У двери он остановил Владимира Кузьмича и неожиданно задушевно сказал:
— Долго не увижусь с тобой, знаешь, на той неделе на курорт еду.
— Двадцать футов под килем, как говорят морячки, — пожелал Ламаш. — А куда едешь?
— В Сочи. Нежданно-негаданно вышло. Я ведь на осень рассчитывал, думал взять отпуск попозже и побродить с ружьишком. Боюсь, мой лягаш дворовой утки от дикой не отличит.
— Ну, это не велика беда! В любую субботу приезжай, — покажу угодья, и с ружьишком побалуешься, и на рыбалку сходим. Богатые места у меня на примете. Только уговор: все скрыть от Галины Порфирьевны.
Они посмеялись немного, и Георгий Данилович легонько подтолкнул Ламаша к двери.
Недовольный собой, Владимир Кузьмич вышел из райкома. Только на улице он вспомнил, что Климов где-то ожидает его. Однако, проходя по коридорам райкома, он не встретил председателя «Восхода», значит, тот так и не дождался его и уехал. Надо было искать какой-нибудь попутный транспорт, чтобы вернуться в Рябую Ольху.

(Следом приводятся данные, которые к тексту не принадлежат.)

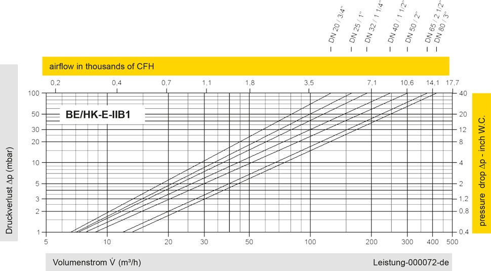 Diese Volumenstromdiagramme sind mit einer kalibrierten und TÜV-zertifizierten Strömungsmessanlage ermittelt worden. Der Volumenstrom V in m³/h bezieht sich auf den technischen Normzustand von Luft nach ISO 6358 (20°C, 1bar). Umrechnung auf andere Dichte und Temperatur siehe Kap. 1: Technische Grundlagen.
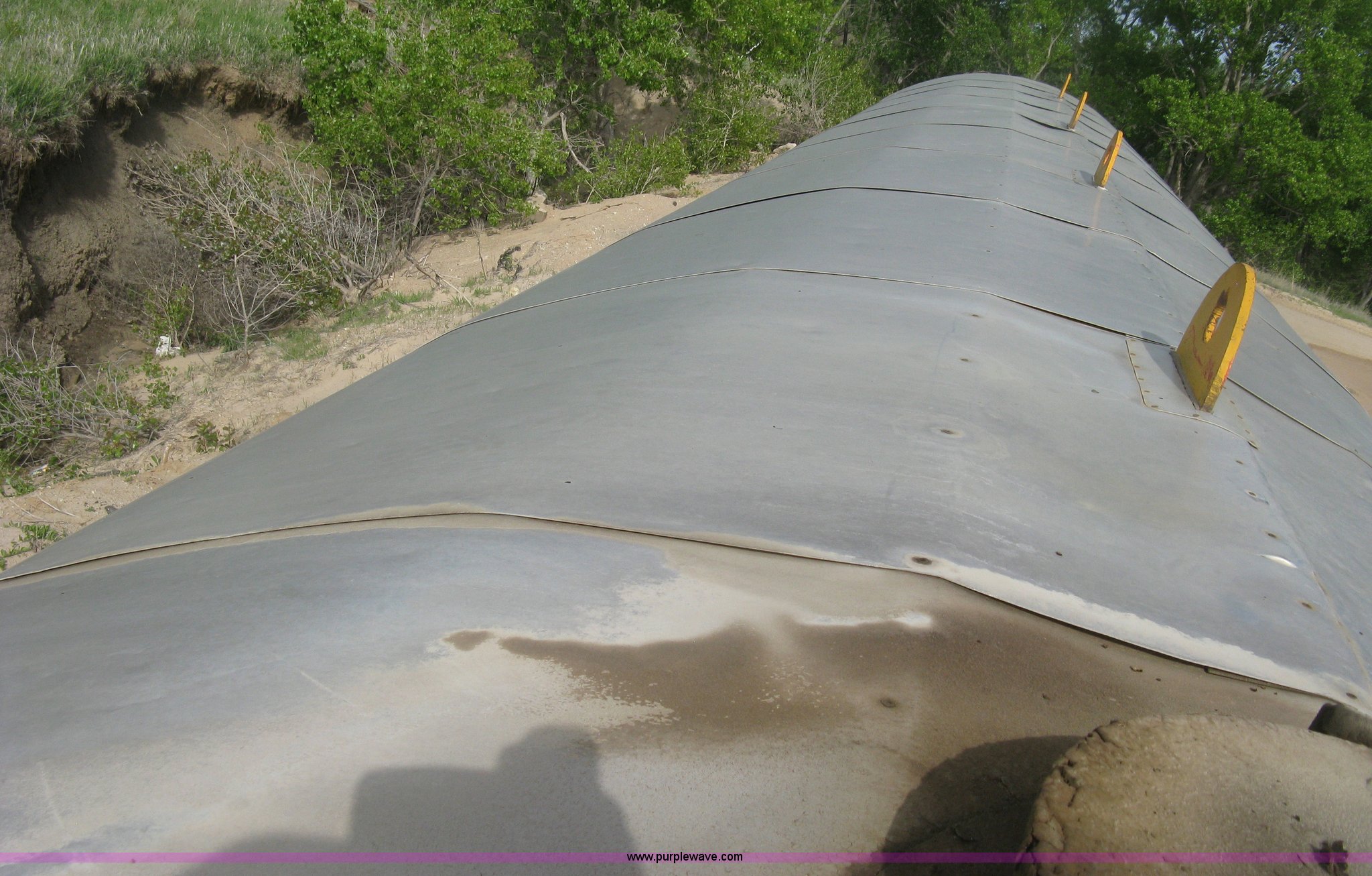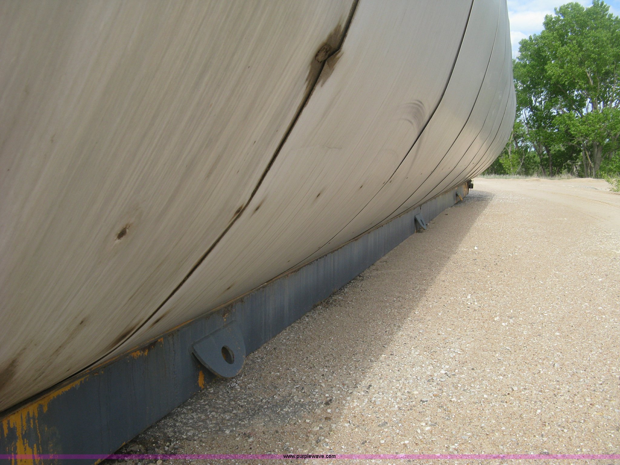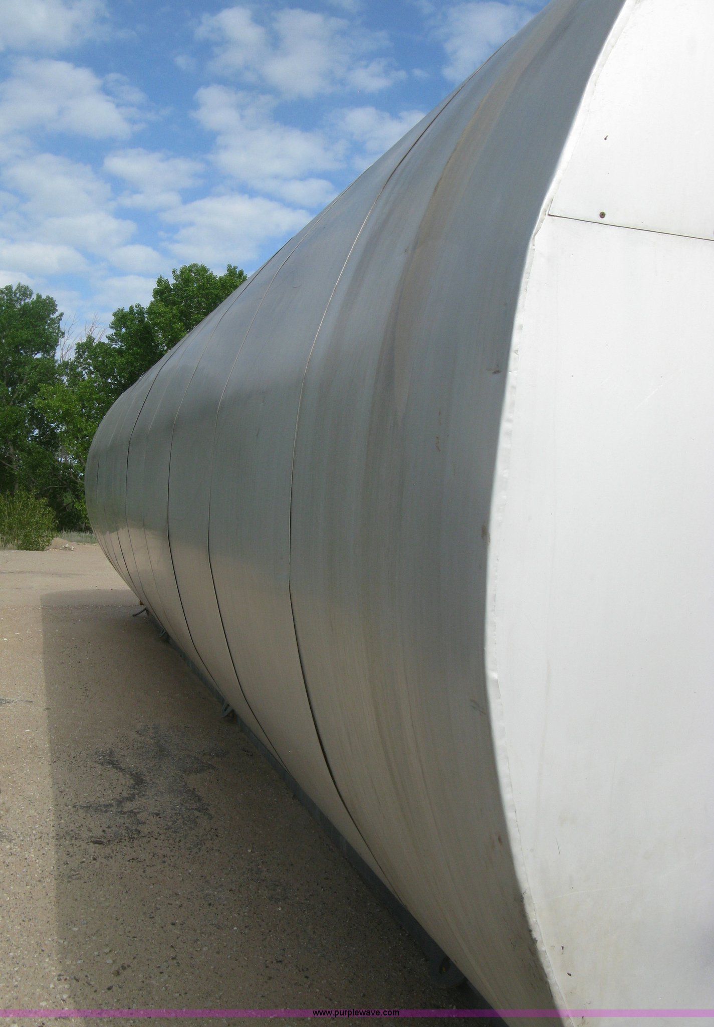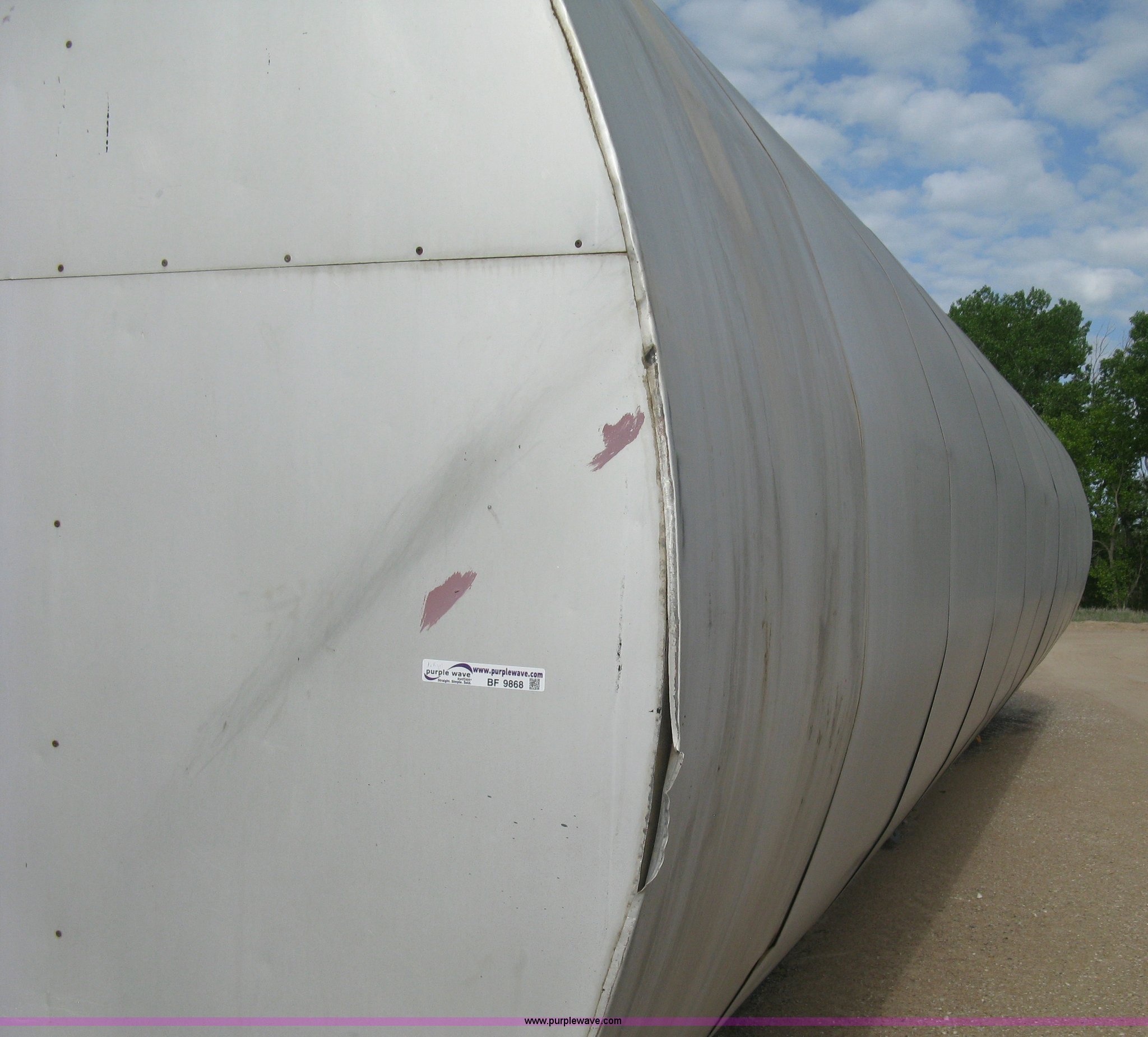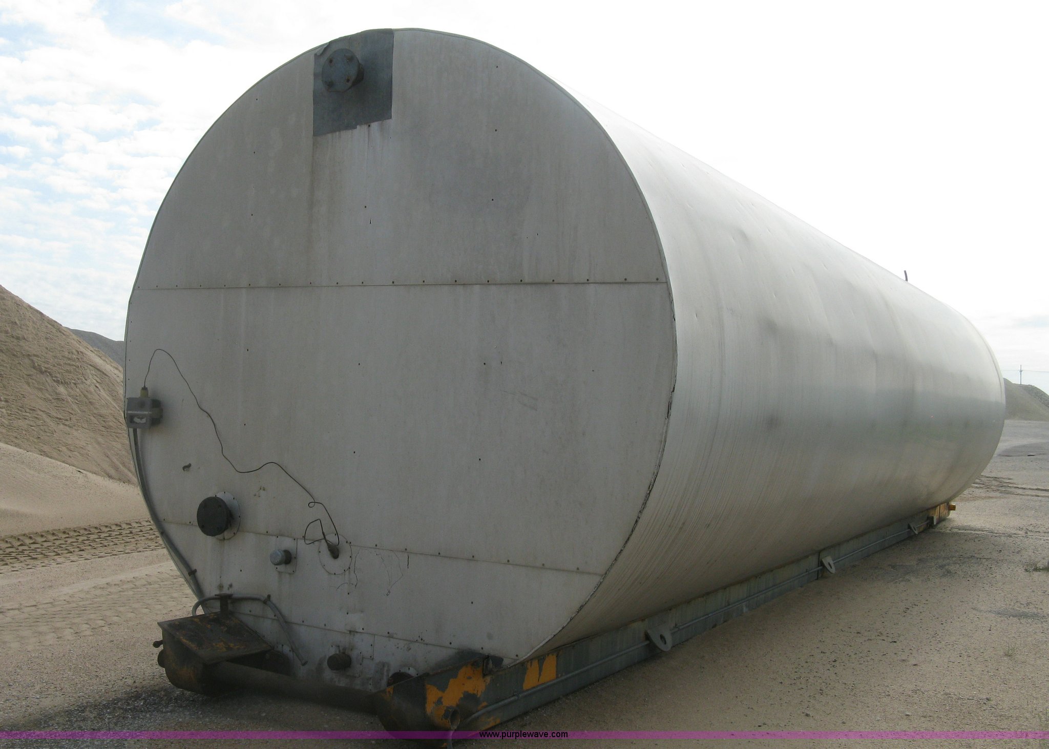 Purple Wave is selling a used Tanks in Kansas. This item is a Sundance asphalt oil tank with the following: 18,000 gallon rated capacity, 16,000 gallon capacity, Dual heating coil in bottom, Steel inner tank, Approx. 6" external insulation, Aluminum exterior sheeting, Partlow temperature controller, No temperature control valve, Side mount ladder, Lifting eyes, Approx. 45'L skid, Skid mounted, Previously contained PG64-22 oil, Removed from service in December 2015
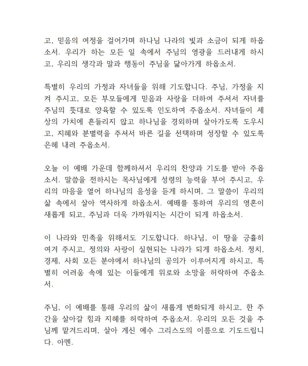 주님, 이 예배를 통해 우리의 삶이 새롭게 변화되게 하시고, 한 주간을 살아갈 힘과 지혜를 허락하여 주옵소서. 우리의 모든 것을 주님께 맡겨드리며, 살아 계신 예수 그리스도의 이름으로 기도드립니다. 아멘.
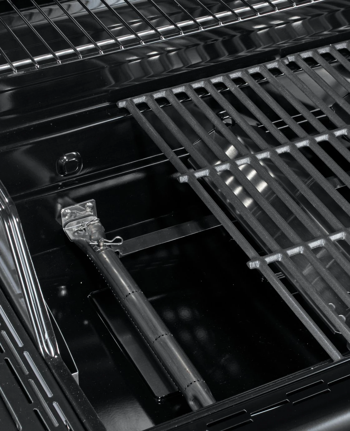 Coated cast iron grates for greater heat retention and perfect sear strip marks. The grates are durable, rust-resistant and easy to clean.
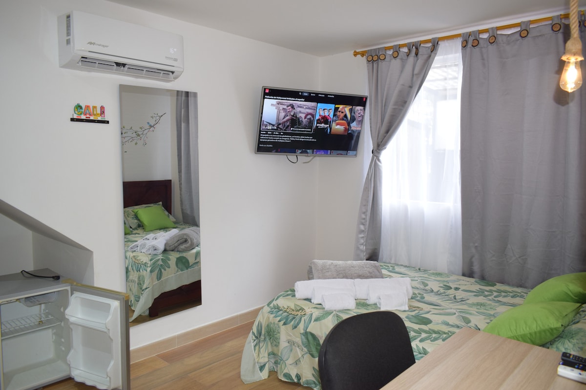 Relájate en esta escapada única y tranquila. Contamos con un aparta estudio en el último piso, el cual tiene una habitación con cama doble ideal para parejas y un sofá cama que permite la acomodación de una tercera persona, baño privado, aire acondicionado, nevera y televisión, un espacio seguro y cómodo. Ubicado a 20 min del aeropuerto Alfonso Bonilla Aragón, 15 min del centro de eventos valle del pacifico, a 10 min de zameco, menga, cerca al sena, cerca a la base aérea, boulevard del río.
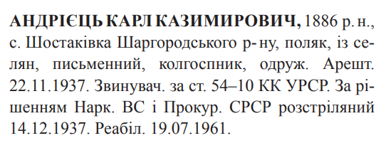 Соціальне походження: із селянОсвіта: письменнийПартійність: н/дПрофесія (місце роботи): колгоспникСімейний стан: одруженийЗаарештований: 22.11.1937Звинувачення: ст. 54-10 КК УССРНаркомом ВС і Прокурором СССР засуджений до розстрілуДата вироку: 09.12.1937 (протокол № 497)Кароль Андрієць розстріляний 15.12.1937 р. в м. Вінниця.Реабілітований: 19.07.1961
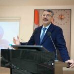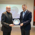 Vali Çelik, programın sonunda Prof. Dr. Şahin Karasar’a sunumu ve katkılarından dolayı teşekkür ederek plaket takdim etti.
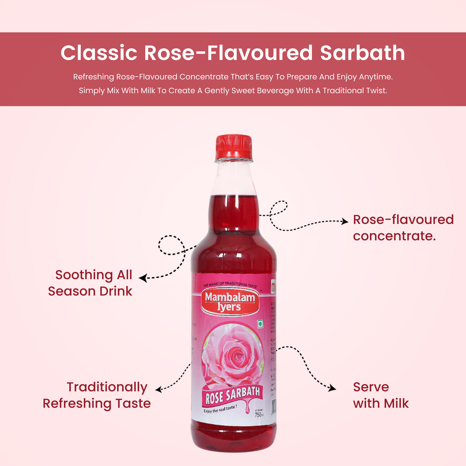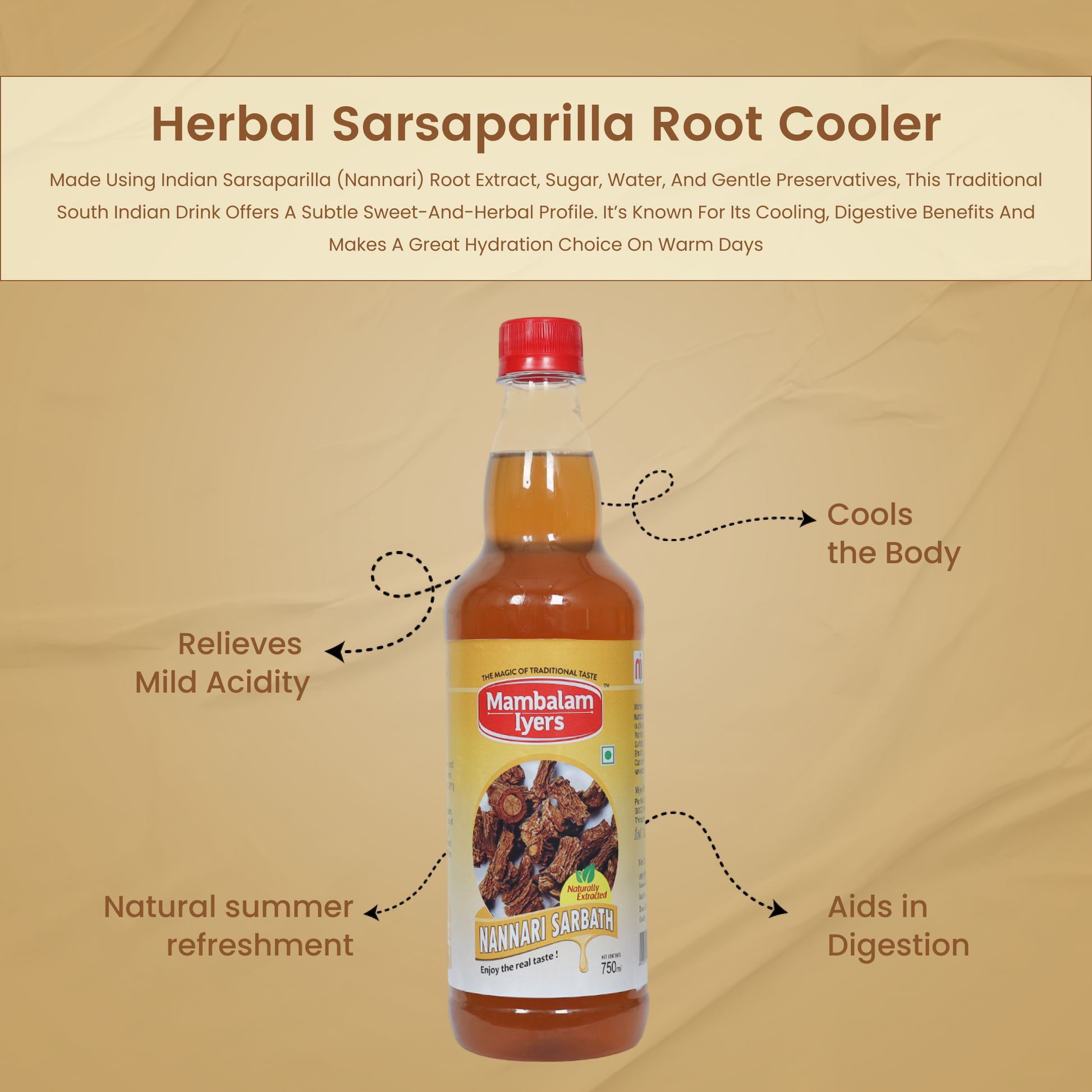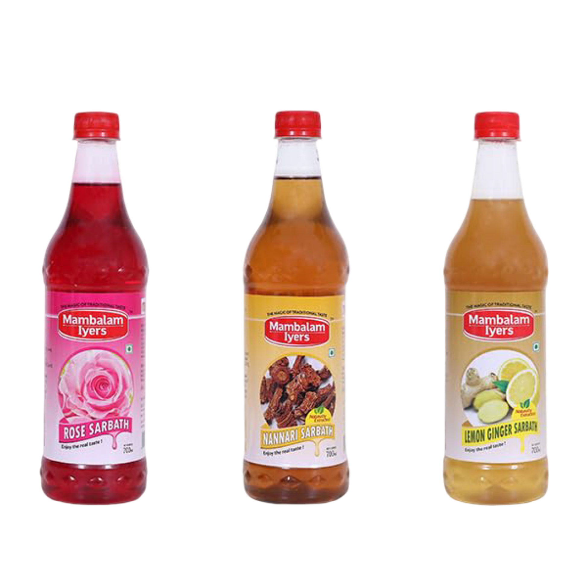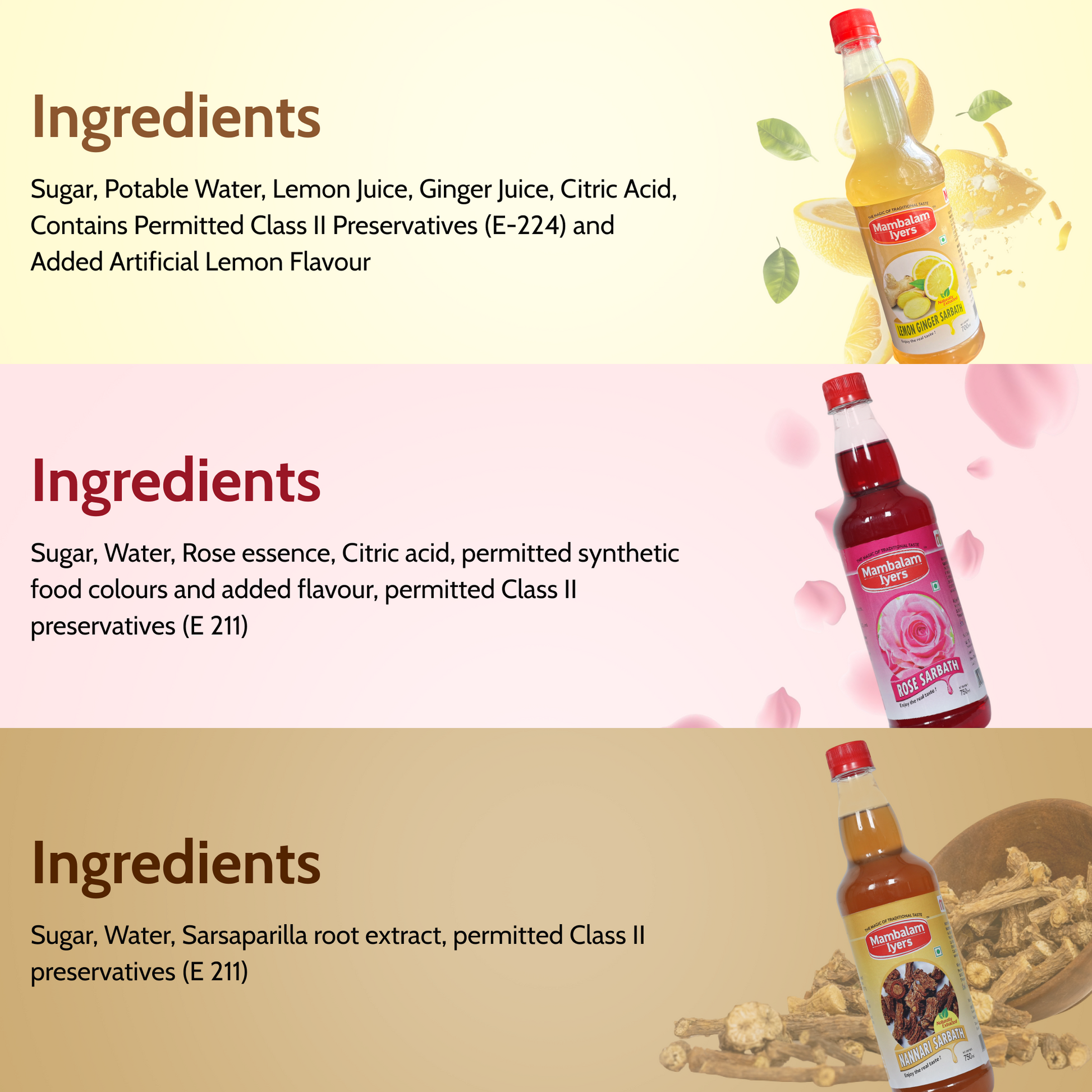 Lemon sarbath-Sugar, Water, Lemon juice, Ginger juice, Citric acid, Artificial lemon flavour, permitted Class II preservatives (E 211). Nannari sarbath-Sugar, Water, Sarsaparilla root extract, permitted Class II preservatives (E 211). Rose sarbath-Sugar, Water, Rose essence, Citric acid, permitted synthetic food colours and added flavour, permitted Class II preservatives (E 211)
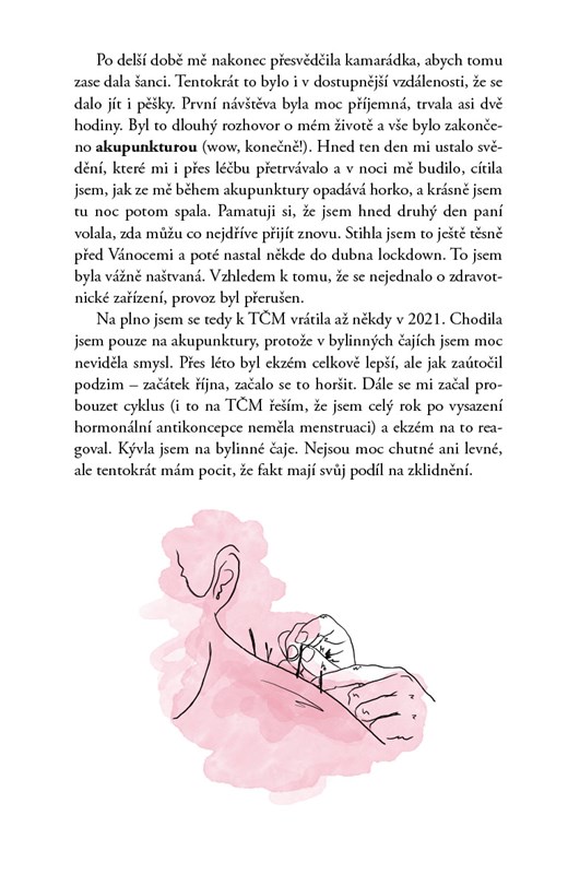 Tato kniha je autentickým a hluboce osobním svědectvím o životě s atopickým ekzémem – nemocí, která zasahuje mnohem víc než jen kůži. Autorka otevřeně sdílí svou cestu od dětství s mírným ekzémem přes bolestivé období plné fyzického i psychického vyčerpání až po zásadní rozhodnutí opustit klasickou léčbu a začít naslouchat vlastnímu tělu. Popisuje své zkušenosti s vysazením kortikoidů, těžkým abstinenčním syndromem (TSW), ale také s hledáním alternativních cest – od změny životního stylu přes terapii až po komunitní podporu.

Владимир Кузьмич любил пройтись по городку. Под каблуками приглушенно цокает асфальт, приятно почувствовать ногою не рыхлые комья пахоты или пыльный проселок, а твердую плоскость, от которой и пахнет как-то особенно: чуть-чуть пыльцой и гарью машинного масла. Недавно по улице проехала поливальная машина, и обе стороны дороги блестели и были чернее, чем середина. Редкие прохожие брели по улице в жаркий послеполуденный час. За оградами и заборами в солнечно-беззаботных садах под молодой зеленью деревьев лежали сквозные тени, и лица у встречных были беззаботные, распаренные. Походкой манекенщицы мимо прошла девушка с модными раскосыми глазами, с охапкой белой сирени в руке, и на Владимира Кузьмича пахнуло сложным запахом — духов, пудры и сирени. Он повел носом и обернулся, чтобы еще раз взглянуть, как стройные ножки постукивают «шпильками» по асфальту, — давно не видел таких красивых девчонок, на которых можно любоваться, как на картинку. Через дорогу перебежали два мальца, перегоняя один к другому консервную банку, словно футбольный мяч. Городок жил своей жизнью, так непохожей на жизнь деревень. А ведь они рядом, — выйдешь на окраину — и тут же, за оврагом, поля, поля, поля. Им нет конца и края, зелеными волнами набегают они на городок и, если бы не асфальт, наверное, ворвались бы на улицы. Сейчас поля изнурены от зноя, дышат тяжко, как горячечный больной, но горожанам нет печали до них, — они насыщаются теплом и ароматом подступающего лета.